Rewriting Slavery

 

The books on display invite reflection on specific people and incidents from the era of slavery. The fact that writers choose to (re)write and reimagine episodes from that time suggests that slavery is still an important part of the collective consciousness of the nation.

Toni Morrison, 1931

Beloved. New York: Grove Press, 1987. First edition.

This novel garnered a Pulitzer Prize for Morrison. Beloved is based on the true story of Margaret Garner (1834-1858), an enslaved women who killed her own child rather than allow her to be sent back into bondage. Morrison’s novel imagines the haunting events that follow the death of the child (Beloved), suggesting that slavery is a specter with which the country still must reckon. In 1993 Morrison received the Nobel Prize in Literature.

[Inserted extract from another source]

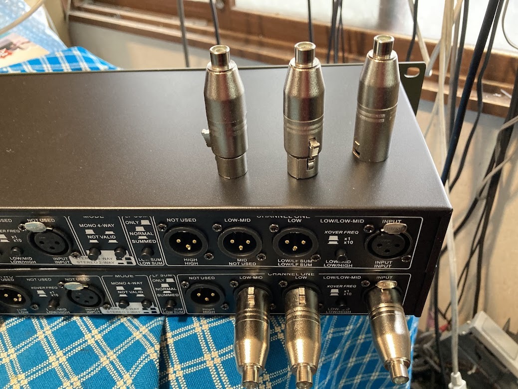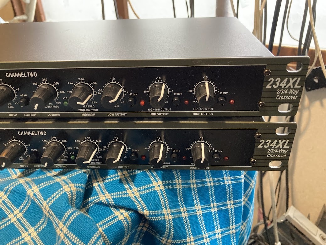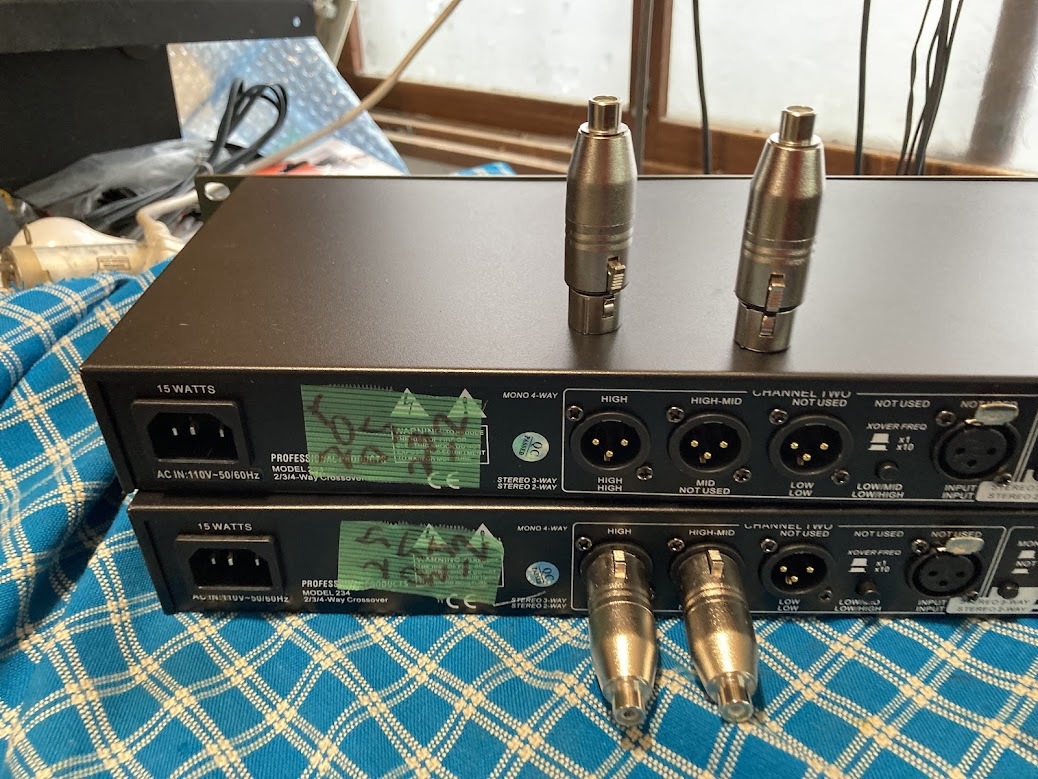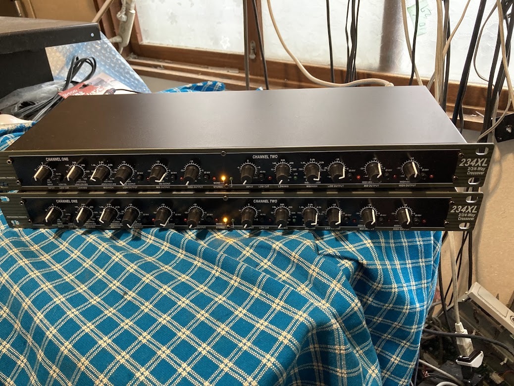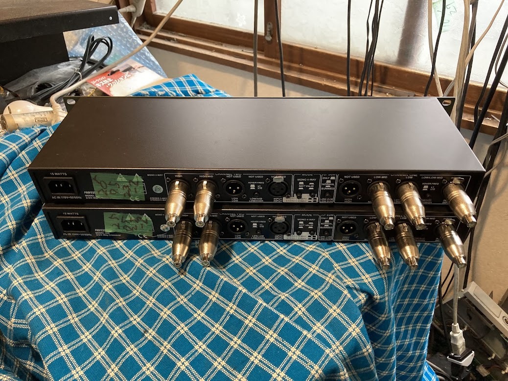 dbx 234XL チャンデバ モノ4ウェイ設定2台使用で ステレオ4Way ステレオ4ウェイの チャンデバは、機種が少ないので今回は2台で対応します 写真のツマミの設定は クロス250Hz 1400Hz 上6800Hz 下6500Hzです ので例として低音に 38〜46センチ 中低音30〜38センチ 中高音ドライバー 高音ツイーターの構成 システムは2ウェイと4ウェイは比較的扱いやすいですが3ウェイは難しいです ほとんど未使用と、思われ、傷汚れの少ない美品です 取説は日本語PDF です 当方の出品機器でデバイダーが多いのはネットでそれほど高価でない パワーアンプを数代求めてSPのユニットも自由に選べるマルチ方式が 音を良くしたい 方えの、最短の方式でだからです 電源、SP、ライン用のケーブルは高価な物も安価のものも、音の善し悪しには全く関係ないです1m70円と100、000円のものとは音が変わりますが100、000円が良くなるとは限りません 悪くなる方が多いです マルチは非常に簡単ですネットワークの コイルやコンデンサーはその専門の人たち意外素人が挑戦して成功することは0,001%くらいです、気に行ったユニットでシステムに挑戦する方はビギナーなら決してネットワークの泥沼には走らないで300円のRCAケーブルとビニールコードのSP線で即座にいい音が得られるマルチ方式以外は無駄です メーカーのオリジナルのSPのネットワークは専門の方が、トータルの音づくりのビルトインですので流用して他のシステムなどに組み合わせるなども泥沼です チャンネルデバイダー方式は、どの様なユニットでもどの様なクロスオーバーでも どの様なパワーアンプでも簡単に組み合わせができます それほど高価でない同じアンプで駆動するのが初心者には最適です 条件は入力のレベルコントロールがないアンプは不可です(この訳はかなり重要でこのこと、を無視してマルチシステムを失敗 してマルチはダメという人がいます)どうしてもそのようなアンプを使う時は外付の VOLボックスを用意してください 多分深い訳があるのでしょうが意外と低音用に300W 中音用に100W 高音用に50W と考えてプランして実際は高音用に300w 低音用に 50Wでないといい音にならないことがあったりします 点検・整備・調整済み。 傷、汚れあります 即決落札の方にはRCAーXLR変換オス2個メス8個お付けします | |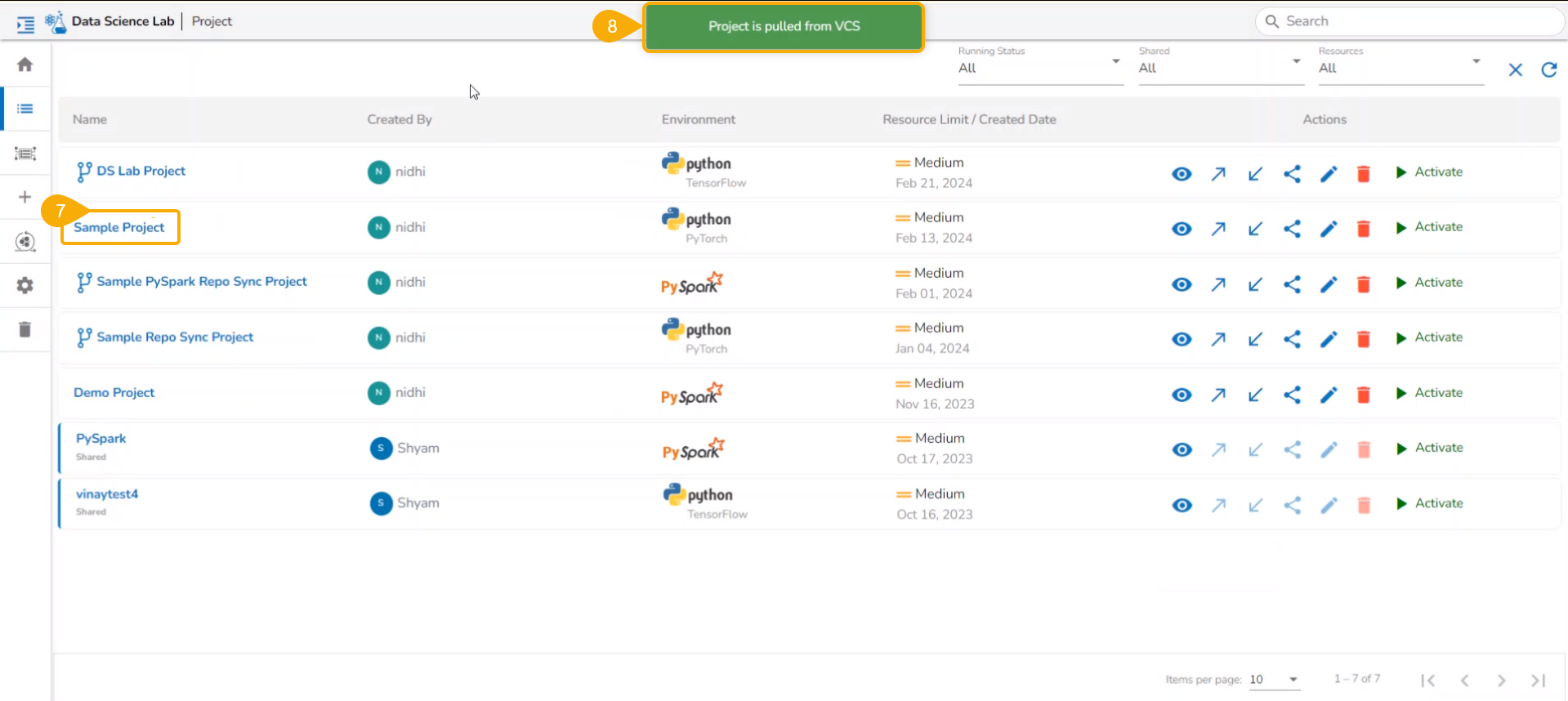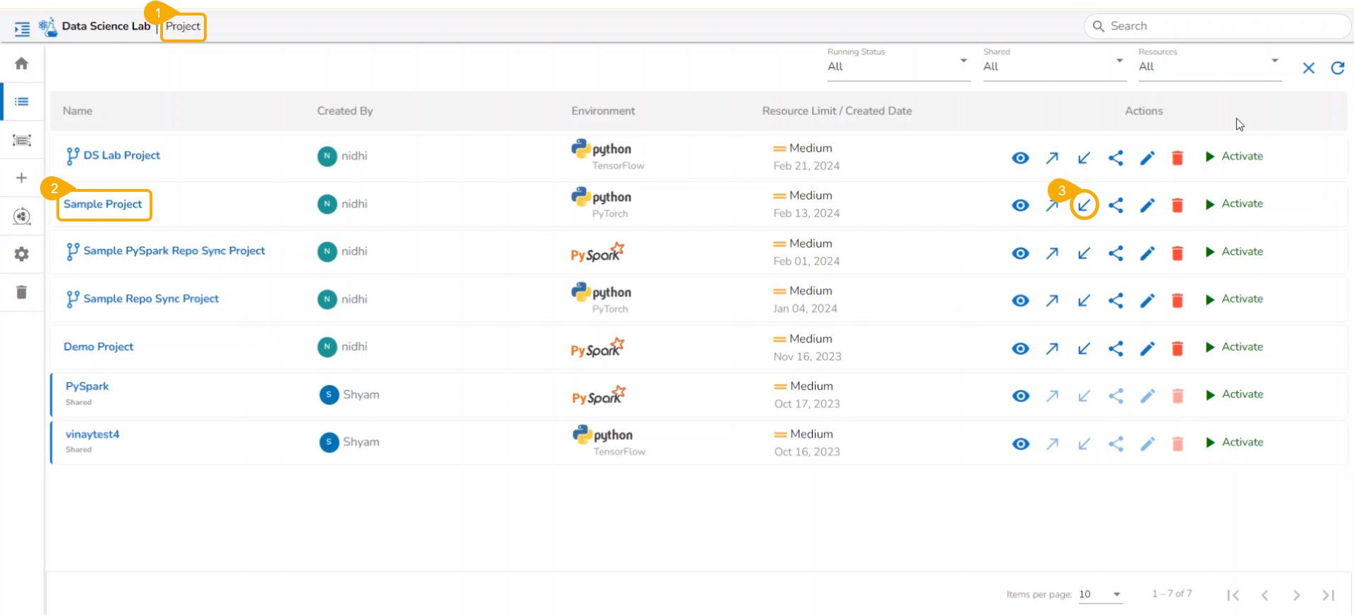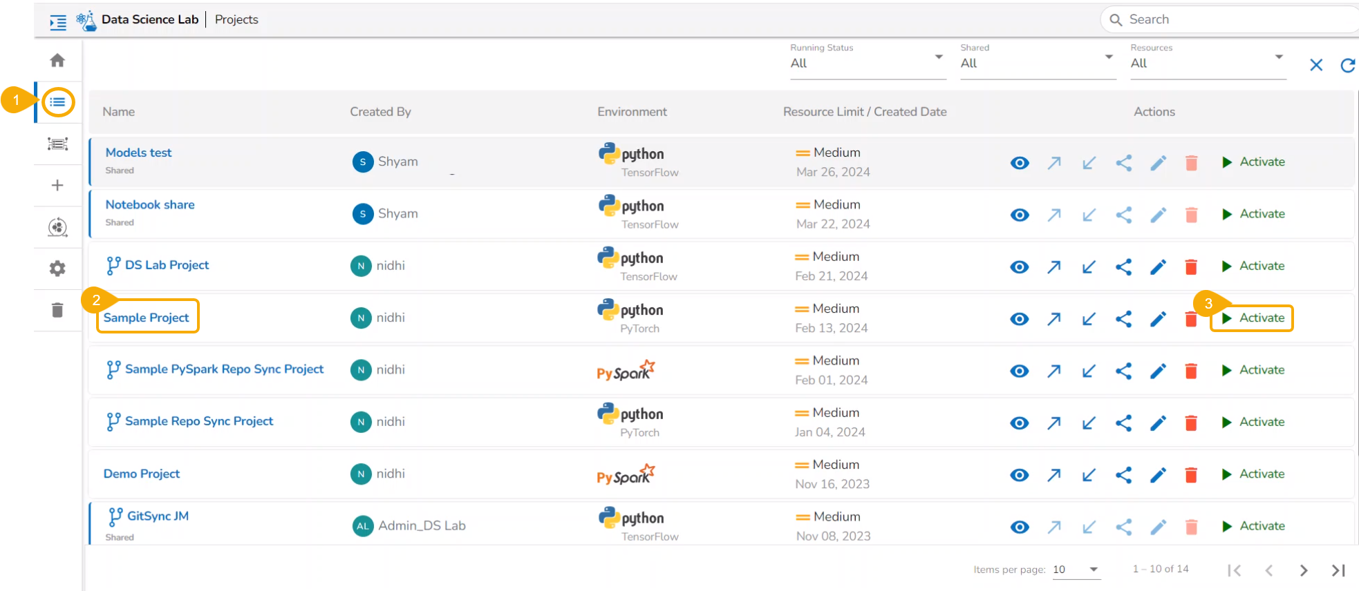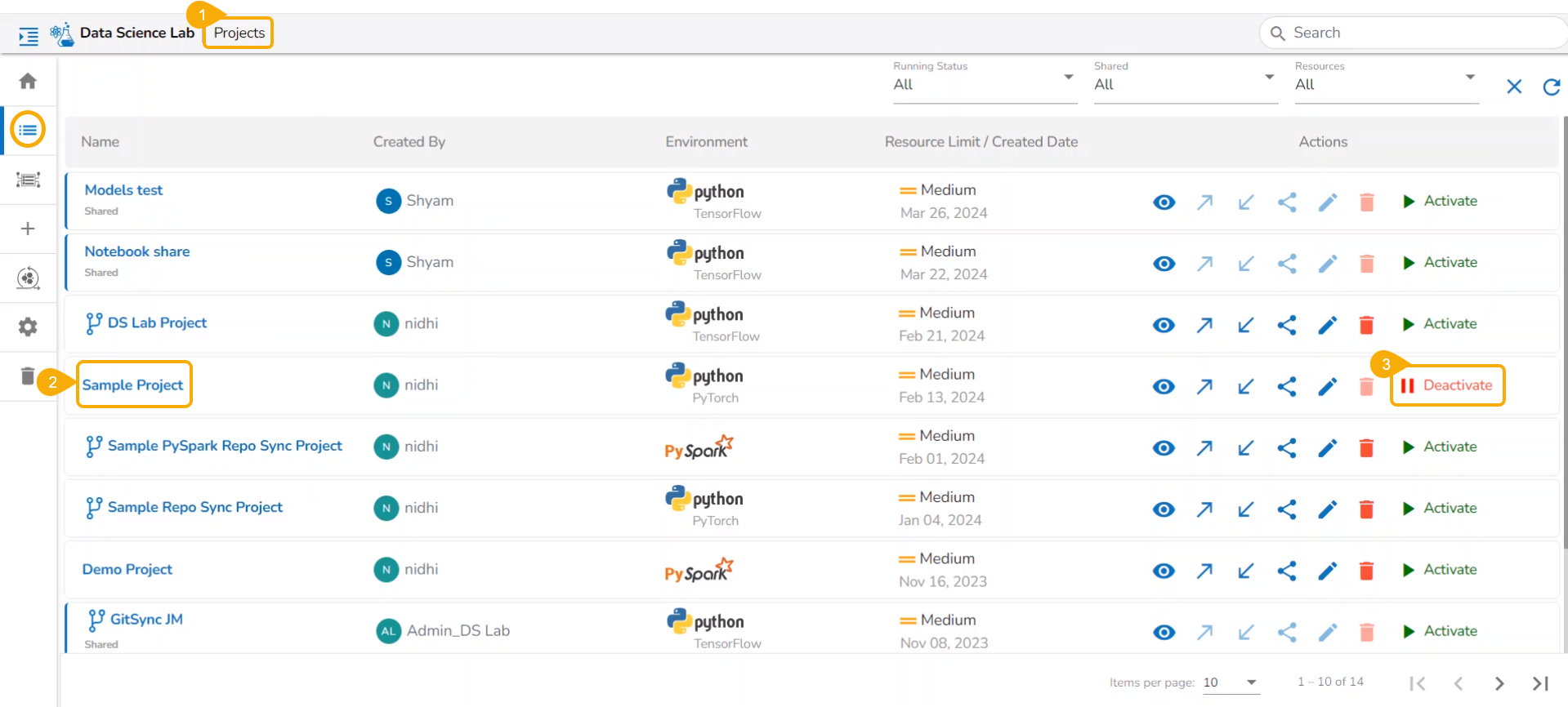 All the created Data Science Lab projects by the logged-in user get listed under this page with various Actions to be applied to them.

Barbara Chase-Riboud, 1939

Sally Hemmings: a Novel. New York: Viking Press, 1979.

Chase-Riboud’s novel explores the relationship between President Thomas Jefferson and an enslaved adolescent, Sally Hemmings, who bore six children by the President. Like the work of many feminist historians, Sally Hemmings shifts the historic gaze from the male to the female protagonist, in order to comment on both race and gender in the context of slavery. The relationship between Jefferson and Hemmings points out the contradiction in the President’s position as steward of American liberty and as a slave owner with the bodies of Black women at his disposal. Years after the publication of Chase-Riboud’s novel, DNA tests confirmed that Thomas Jefferson was indeed the father of Sally Hemmings’ six children.

Colson Whitehead, 1969

The Underground Railroad. New York: Doubleday, 2016. First edition.

This compelling recent novel is the story of an escape from slavery, with an interesting technological twist. Whitehead uses the tale of his peripatetic protagonist (Cora) to weave together various tableaux of racial oppression, some of which seem alarmingly close to events of the twentieth and twenty-first centuries.

Ishmael Reed, 1938

Flight to Canada. New York: Random House. First Edition, 1976.

Reed’s novel is the quintessential “neo-slave narrative.” It satirizes the slave narrative or “escape narrative,” which has often been seen (mistakenly) as the unique starting point of African American literature. Reed’s innovative take on the genre is also a send up of Harriet Beecher Stowe’s Uncle Tom’s Cabin (1852)whose plot, Reed suggests, was drawn from the 1849 escape narrative of Josiah HensonTime is fluid and historical anachronisms abound as Flight to Canada collapses past and present, inviting the reader to reflect on how the former influences the latter.